They measured 60 times, cut once. The cut didn't go well, and some were like, "Oh, do I measure 60 more?" Like, [Music] what? All right, this is Dalton plus Michael, and today we're going to talk about why Founders shouldn't think like VCs. Shocking! I would have never imagined we had this opinion, so maybe we should start with what is thinking like a VC? How does a VC, how are they trained to think?

So, let's break this down. I think to start with, when we say VC, we don't literally just mean venture capitalist. This should include management consultants, yes, banker investment banking, people that work at hedge funds, people that work in private equity. There's a whole host of jobs.

The people in these jobs train you to do a lot of market sizing, to build a bunch of PowerPoints, yes, right? I mean, that's a job — to analyze fundraising trends, to do market analysis, to read surveys about the market, yes. Again, experts, you guys talk to networks, you pay a lot of attention to the stock market, market multiples, other things happening in the M&A market. It's an entire framework of thinking of small companies as if they were big companies and using these large company metrics and analysis to apply to them.

And to be clear, for this video, if you're in those industries, this is a great way to think. We in no way are suggesting — yeah, these are great tools. If your job is to be an investment banker, you should think like an investment banker, yeah, right? Public market investor should think like a public market investor, right?

Yes, however, what we have noticed is that this type of thinking, either because these founders have worked in these industries or been exposed to these thoughts, yes, brings this framework to getting their first startup idea and trying to get a first customer, right? Yes. And this is a problem. I think that we see over and over again where it's almost like to us twisted. You start having conversation with the founder, and you'll actually feel like you're talking to an investor, to a VC, and you're like, "But what about your passion? Like, what's your opinion? Like, what do you care about?" And it's all kind of like contrived almost; you could have extracted it from Twitter.

Yeah, and it's confusing. It's like I didn't hear any of your opinions. I don't think. And we've just been talking for 20 minutes now. An example that I notice a lot in a YC interview is they want to present a PowerPoint deck or a slide deck, yeah?

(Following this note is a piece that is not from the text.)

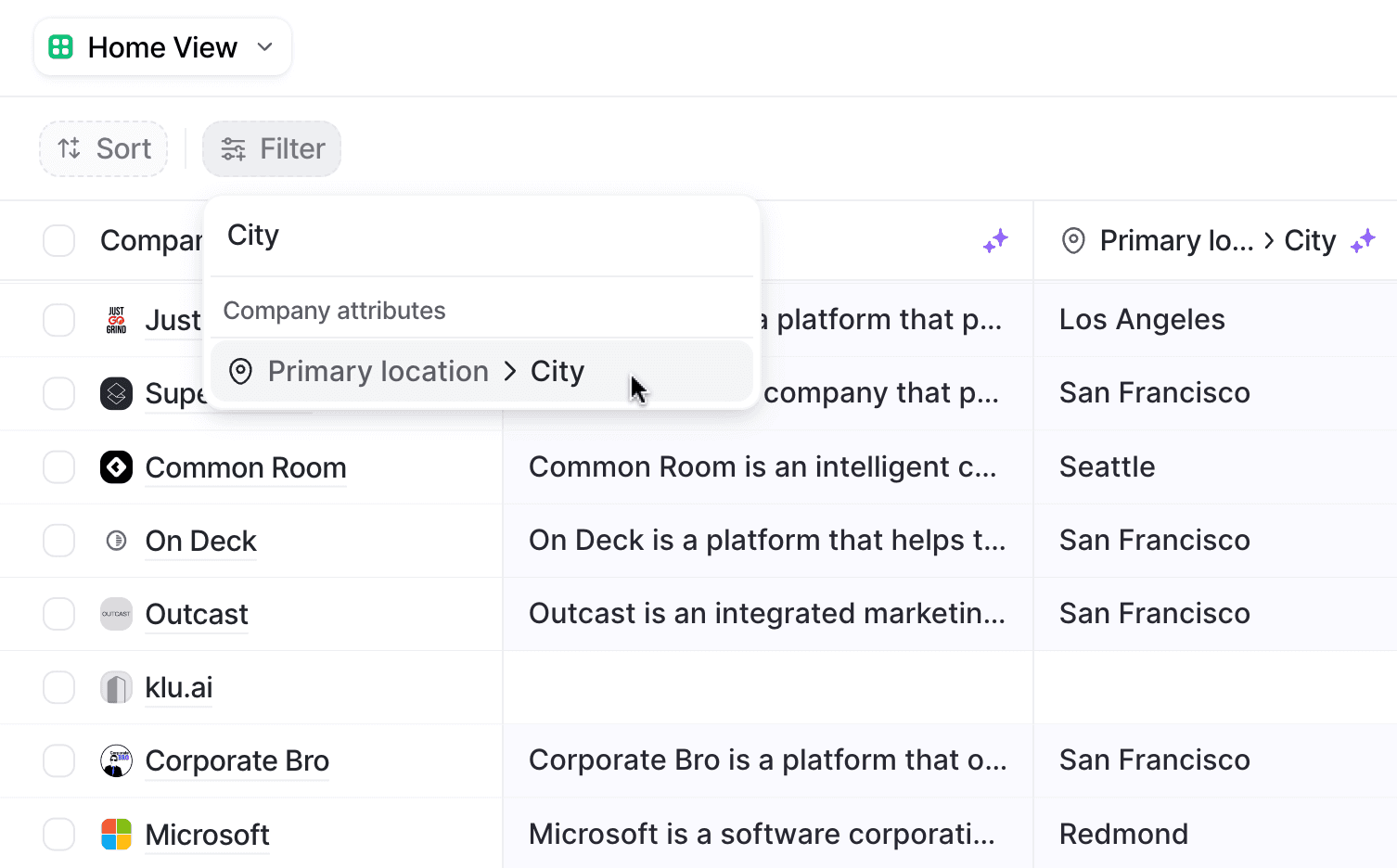 From there, we can quickly filter and sort through our records any which way. For example, let’s say we want to figure out which companies are based in San Francisco and have an estimated ARR of $100m-$500m.

And the way they describe the company is the way you would describe a very large company, yes. But then when you're like, "Well, do you have any customers?" No. And so they have 15 slides or they want to spend a lot of time talking about the market opportunity, but there's actually nothing whatsoever in terms of traction, competitive analysis, great competitive analysis slide. So everyone listening has got to ask, "Well, aren't we VCs?" Right? Like, isn't this how a YC partner would think when reading an application or conducting interviews?

I think that's an excellent point. Here's the facts. When we are reading applications and doing interviews, we are investing very, very, very early, and we've been trained on what matters and what doesn't matter. And so let's be real; what matters is does your idea make any sense? Yeah, any sense? Do you know anything about it? Yes. Do you have the tech skills to build the thing or anything — anything basically? And can you get any customers? Yes. It's almost — it's so basic, it shocks people.

What we are looking for is very basic stuff. Well, and I think what's interesting is that when we try to be smarter, we make mistakes, correct? When we try to be smart about markets or when we try to be smart about comps, we make mistakes. Because one, we haven't studied those markets closely, and two, because startups change — they pivot, they find new opportunities, technology changes, time changes.

Well, think about it. When we make an investment, often it does not become a big company for at least 10 years, and so if you're trying to do market analysis and market trends for an investment that won't become big for a decade later, it's kind of flawed analysis versus if you're doing analysis of, you know, new IPOs coming — yeah, you're much closer to that coming to market.

And so I'm just arguing this is completely valid analysis, but that is not useful when applied to a startup with no customers, with no product, that's not even sure what they should be working on. No, these frameworks are not necessarily helpful; they're not the most helpful.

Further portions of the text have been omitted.